Possible scam targeting debt collectors - 27/04/10
WA Scamnet at the Department of Commerce is warning businesses of all sizes to be wary of international clients approaching you in the guise of purchasing services.
The department has received reports from real estate and settlement agents, debt collection agencies and a wide range of small business operators of a number of over payment scams.
Internationally based scammers offer to pay for goods or services using fraudulent credit cards or fake cheques. The key to the scam is often an overpayment for freight or a related service (such as a payment from a debtor) which the scammer requests the business operator transfer to an associate business on their behalf.
Once the credit card transaction is reported or the cheque does not clear, the business is left out of pocket.
In a recent instance, a licensed debt collector was contacted by a Jerry Yang who claimed to represent Lankom Electronics Company Ltd, based in Taiwan. He claimed the company had sizable debts owing to it, particularly in the USA, Canada and Australia. Recovery of a large debt was requested from an Australian alleged debtor, Kelly Adams, however Kelly Adams could not provide details of the company, or its trading name, from which the debt was owed.
More information regarding these scams can be obtained from WAScamNet or by calling 1300 30 40 54.
You may wish to attend ASIC’s information sessions to see how the national credit reforms will affect debt collectors.
The Australian Securities and Investments Commission (ASIC) have released details of their National Credit Roadshow for industry, which will aim to assist industry members in complying with the new National Consumer Credit laws, scheduled to commence on 1 July 2010.
The draft National Consumer Credit Protection Regulations 2010 (Cwlth) were released in late 2009 for consultation and set out a 12 month exemption for debt collectors. The draft regulations provide that, , where persons are collecting debts on behalf of another person, they are exempt from the need to be licensed for the first 12 months of the national credit laws. Debt collectors who purchase debts will be treated as creditors and will need to be licensed under the national credit laws.
Review of this exemption and consideration of the national regulation of debt collectors is being considered as part of Phase 2 of the national credit reform.
IMPORTANT: As debt collectors are exempt from the national consumer credit regulation for the first 12 months, the Debt Collectors Licensing Act 1964, including licensing requirements, will remain in place and continue to be administered by the Consumer Protection Division of the Department of Commerce. However, as a licensed debt collector, you may be interested in attending the national credit roadshow being hosted by ASIC for information on the national credit reforms.

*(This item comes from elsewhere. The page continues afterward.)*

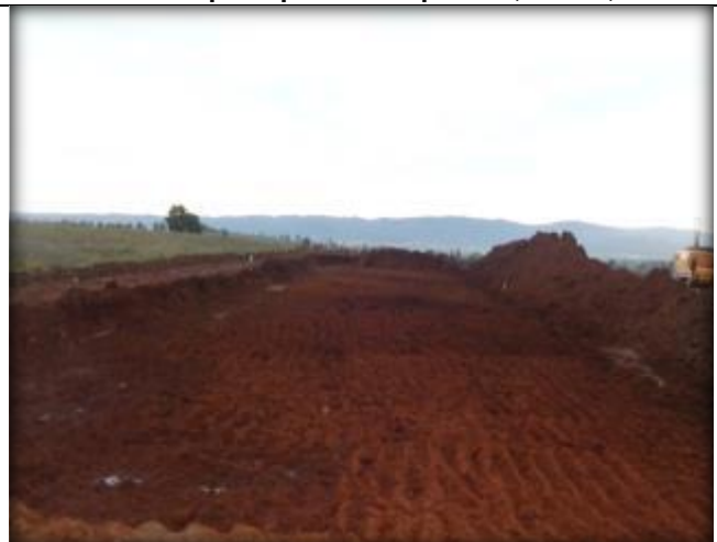
Escarpe, Km 49,600.

ASIC will be holding three sessions in Perth and several WA regional sessions between 15 March 2010 and 1 April 2010. Please refer to the National Credit Roadshow Timetable on the ASIC website for dates and session information.
Trust account requirements – 12/12/08
Consumer Protection is taking this opportunity to remind licensees of the requirements of the Debt Collectors Licensing Act 1964 (the Act) in relation to the naming of trust accounts.
The definitions contained in s. 3 of the Act set out two requirements for the naming of trust accounts:
The title of the trust account must read “Trust account of [name of entity]”. For example: “Trust account of John Smith”. Trust accounts that have been named differently will not satisfy the requirements of the Act.
The name of the entity that appears in the title of the trust account must be exactly the same as the name of the entity that appears on the debt collectors licence. For example, if the licence is held by a corporation, that corporation’s name must appear in the title of the trust account.
The onus is on the licensee to ensure that their trust account conforms with the requirements of the Act.
Consumer Protection will continue to monitor the compliance of debt collectors’ trust account names as part of the licensing and renewal process and through its proactive compliance visit program.
Consumer Protection has recently issued the following media statement, reproduced here for the information of licensees:
Former licensed debt collector Paula Davenport of Bunbury has been fined $2000 with costs of approximately $8000 in the Bunbury Magistrates Court.
“This successful prosecution of Ms Davenport was a landmark case for Consumer Protection as it is the first time a debt collector has been found guilty of undue harassment and coercion, since the department took over regulation of debt collectors in 2005,” Consumer Protection Commissioner Anne Driscoll said.
“The penalty and significant court costs should send a clear message to the industry that intrusive and unprofessional conduct will not be tolerated,” she said.
The magistrate rejected Ms Davenport’s account of her dealings with her clients, and found instead that the number of calls and inappropriate comments in connection with attempts to recover debts with respect to goods and services was in breach of the Fair Trading Act.
Consumer Protection’s investigation had indicated that Ms Davenport had used similar practices against a number of people in the South West region.
“Bullying and intimidation is unwarranted and illegal. A debt collector’s duty is to draw the debt to the attention of the debtor and take reasonable steps to recover the debt.
“Harassing and threatening families is not on, and Consumer Protection officers will use all possible means available to ensure that the rights of consumers are protected and offenders are held responsible,” Commissioner Driscoll said.